→ TASK DESCRIPTION: Take the entries below and print, exactly, the stretch from the line containing "I juni fick" through the line containing "where represents the", both included.

→ PROVIDED ENTRIES:
^^^^^^^^^^^^^^^^
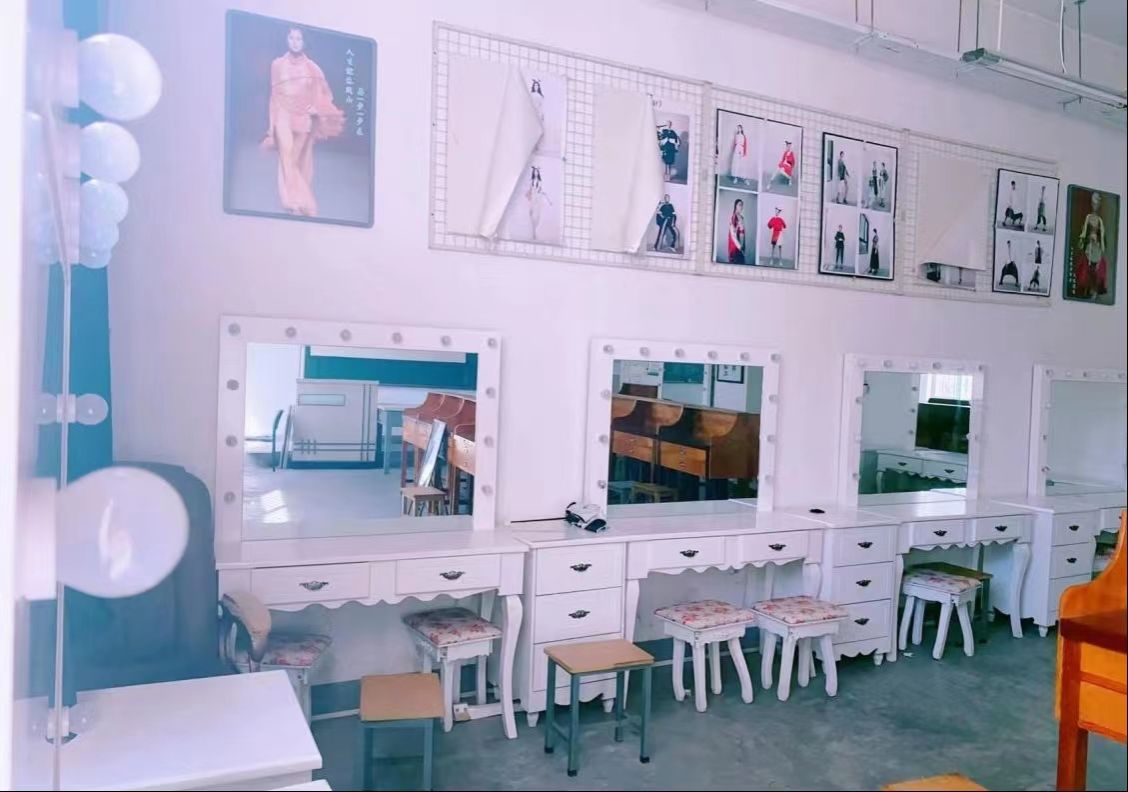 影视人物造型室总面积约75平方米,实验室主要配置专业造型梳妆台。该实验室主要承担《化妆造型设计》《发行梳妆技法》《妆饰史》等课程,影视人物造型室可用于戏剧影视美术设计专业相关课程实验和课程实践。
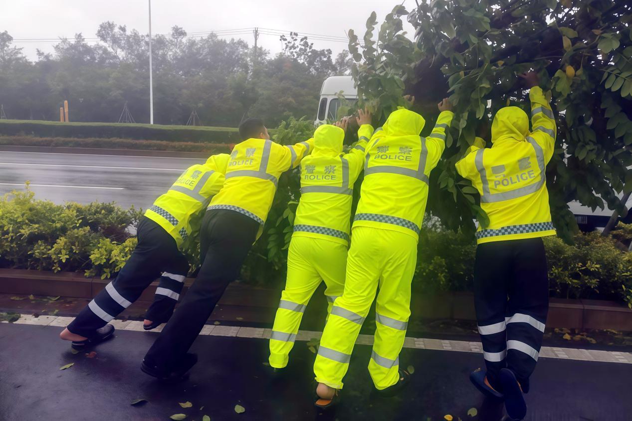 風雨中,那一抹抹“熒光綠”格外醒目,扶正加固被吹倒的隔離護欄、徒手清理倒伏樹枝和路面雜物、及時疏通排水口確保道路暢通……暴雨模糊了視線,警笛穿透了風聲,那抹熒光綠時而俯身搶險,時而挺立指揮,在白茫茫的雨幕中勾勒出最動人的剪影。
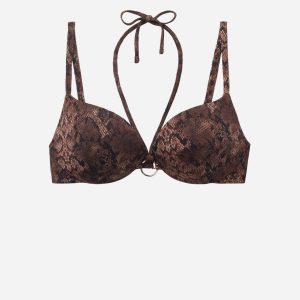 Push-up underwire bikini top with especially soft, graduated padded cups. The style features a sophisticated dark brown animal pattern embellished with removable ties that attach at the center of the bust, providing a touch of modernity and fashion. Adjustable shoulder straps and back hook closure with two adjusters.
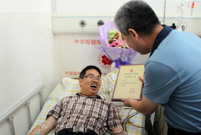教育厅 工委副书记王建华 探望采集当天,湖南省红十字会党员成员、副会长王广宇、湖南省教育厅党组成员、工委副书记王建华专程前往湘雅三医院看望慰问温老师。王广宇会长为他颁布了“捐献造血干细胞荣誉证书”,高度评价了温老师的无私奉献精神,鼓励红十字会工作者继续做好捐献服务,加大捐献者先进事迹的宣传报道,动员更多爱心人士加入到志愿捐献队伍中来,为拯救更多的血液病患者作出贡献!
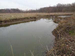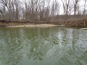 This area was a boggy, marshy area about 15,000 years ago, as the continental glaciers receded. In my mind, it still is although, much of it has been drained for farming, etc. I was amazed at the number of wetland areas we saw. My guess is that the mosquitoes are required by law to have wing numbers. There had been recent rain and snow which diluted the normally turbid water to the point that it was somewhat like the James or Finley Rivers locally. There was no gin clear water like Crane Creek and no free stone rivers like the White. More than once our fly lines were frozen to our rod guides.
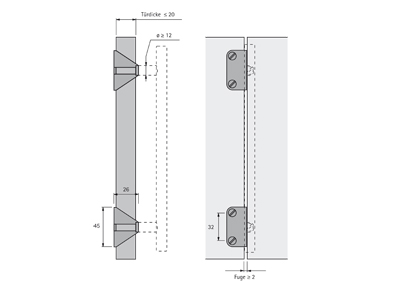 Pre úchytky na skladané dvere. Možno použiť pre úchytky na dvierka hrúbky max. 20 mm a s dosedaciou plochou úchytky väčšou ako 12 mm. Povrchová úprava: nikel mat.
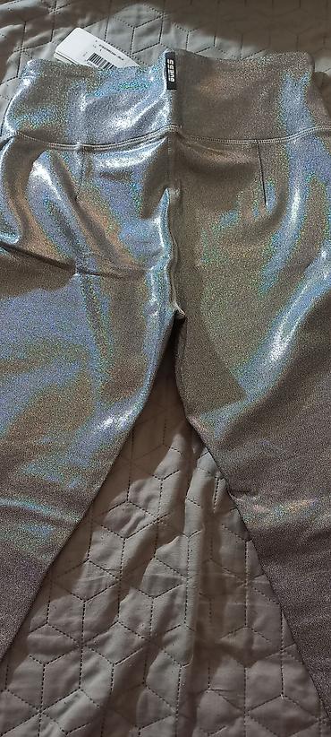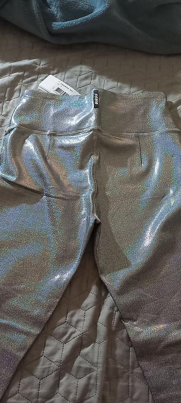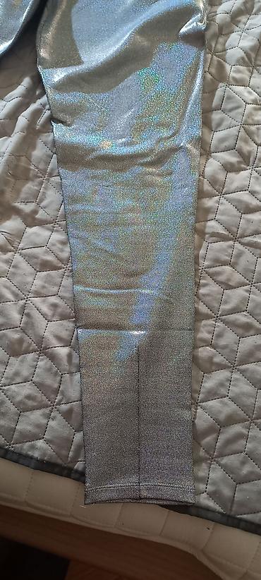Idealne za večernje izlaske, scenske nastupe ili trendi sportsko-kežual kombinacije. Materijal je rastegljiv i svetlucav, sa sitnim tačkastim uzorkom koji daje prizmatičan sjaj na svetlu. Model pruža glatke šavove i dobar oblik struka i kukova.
^^^^^^^^^^^^^^^^
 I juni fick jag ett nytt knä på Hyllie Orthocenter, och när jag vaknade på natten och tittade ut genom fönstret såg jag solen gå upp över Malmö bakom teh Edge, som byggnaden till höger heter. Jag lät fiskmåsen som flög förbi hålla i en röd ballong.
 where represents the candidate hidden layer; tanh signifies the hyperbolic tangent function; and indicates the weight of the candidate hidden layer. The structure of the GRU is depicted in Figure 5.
^^^^^^^^^^^^^^^^
→ EXERCISE SOLUTION:
 I juni fick jag ett nytt knä på Hyllie Orthocenter, och när jag vaknade på natten och tittade ut genom fönstret såg jag solen gå upp över Malmö bakom teh Edge, som byggnaden till höger heter. Jag lät fiskmåsen som flög förbi hålla i en röd ballong.
 where represents the candidate hidden layer; tanh signifies the hyperbolic tangent function; and indicates the weight of the candidate hidden layer. The structure of the GRU is depicted in Figure 5.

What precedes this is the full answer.